Hi Igor, that’s correct, although the end of the post isn’t very clear since I just connect to fileserver-1. If you look at the diagram at the top of the post in this setup both NFS servers are fronted by a load balancer, this is what the clients should *actually* connect to. Thanks for your comment!
seriously an excellent resource that i’ve actually pointed the folks at DRBD to, and they agreed that you’ve done it right.
I have another Q though in the CRM section (and thanks for your explanation; I see that I don’t need to make changes on “both nodes”, and that when I make changes on one I can see them on the other):
what’s the virsh_machine1 mean there? I realize it’s just a name, and is it just arbitrary?
Also:
… is the “vm-host” relevant? I don’t know the vm-host for a Rackspace machine.
OK, heading back to read more about CRMSH. RTFM, I know!
Hi Norman,
Sorry for the delayed response – just got back from a 2 month road trip and I didn’t keep up with all my email. For your first question, the name should be arbitrary as it’s just an identifier.
The second item is a bug in the guide – I was using a “real” configuration as a guide but copied and pasted to make sure nothing proprietary made it to the Internet and I forgot to update that section. The ipaddr attribute should be the IP address of each cluster, used to connect to and restart the machine if necessary.
Thanks!
you mention /dev/dvdb1 a couple of times but it’s /dev/xvdb1 in the snippets; also, could you fill in the STONITH part a bit? Does that configuration go on both nodes?
Sorry, that should have been `/dev/xvdb1`, I’ve updated the post.
As for STONITH, you are using CRMSH to manage the cluster, not a particular node. That means that when you save the configuration, it should be applied to all nodes in your cluster.
ahh, okay. however, since i don’t allow root logins, i’m going to have to edit that a bit.
or i guess i could allow ssh logins from a single host, but that’s a bit of a pain. maybe something with sudo.
All in all though, this was a super helpful howto!
It doesn’t have to be root per se, just a user that is allowed to execute `reboot`. This is how one node can “shoot the other one in the head” by taking it offline and assuming the master role until the other node can be synced up. If you only allow logins to this user via your local network interface, it should be fairly secure.
Thanks for reading!
I’m about to build this out with bare hardware to play with it.

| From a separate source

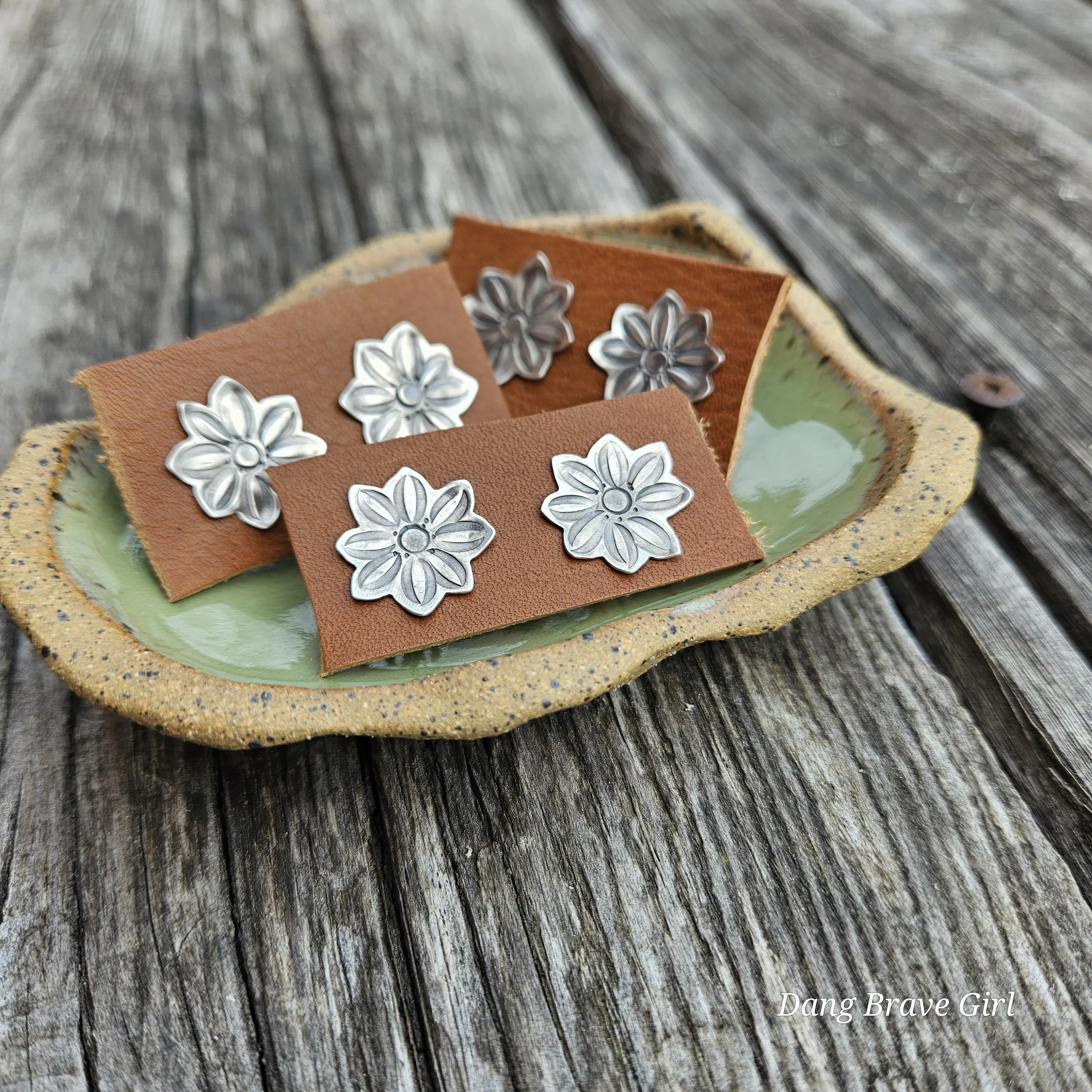 The size 7.5 band measures 7/16” wide and supports the 1 1/8” wide flower above. It’s all finished with a rich patina and soft polish to highlight the details.

I guess the one thing I’m missing from the read through is if I want to use the cluster for HA as well as load balancing…
I like the idea of splitting the nfs load between the 2 servers. Instead of just having the second one mirroring.
But if I have server-a pointed to server-1 and server-b pointed to server-2. (1 and 2 being the nfs cluster) and server-1 goes down, how does server-a fail over to server-2 to continue operating without down time??
Richard – as I mentioned in my email the HA/failover is going to depend on your specific setup. If you use Heartbeat it will handle the assignment of shared IP addresses, so if Server1 is 10.0.0.10 and Server2 is 10.0.0.20 then they might have a shared IP address of 10.0.0.30 that the clients actually connect to. You can logically spread the load, but technically all clients are mapped to a single server. One big advantage here is that you don’t have to have dual-primaries – this can get pretty complicated.
I ended up going with Pacemaker with a hardware load balancer in front of it since we needed the load balanced performance. Both servers were active in a dual primary configuration, with all the clients connected to an NFS share on the load balancer. If a server went down, it was removed from the pool by the load balancer and the clients were none the wiser.
Some HA testing was done, but not extensively.
hello, I need to assemble a cluster to increase processing for quantum computation. Could you instruct me how sicronizar machines for this. Use centos 6.5.
Yes you can be grateful. My email is willicamarg at yahoo dot com dot br.
Hi Edward, the guide above should work for CentOS 6.5 in terms of a clustered filesystem shared with NFS. I used a hardware load balancer to perform the health checks for the NFS servers that serve the DRBD replicated block storage.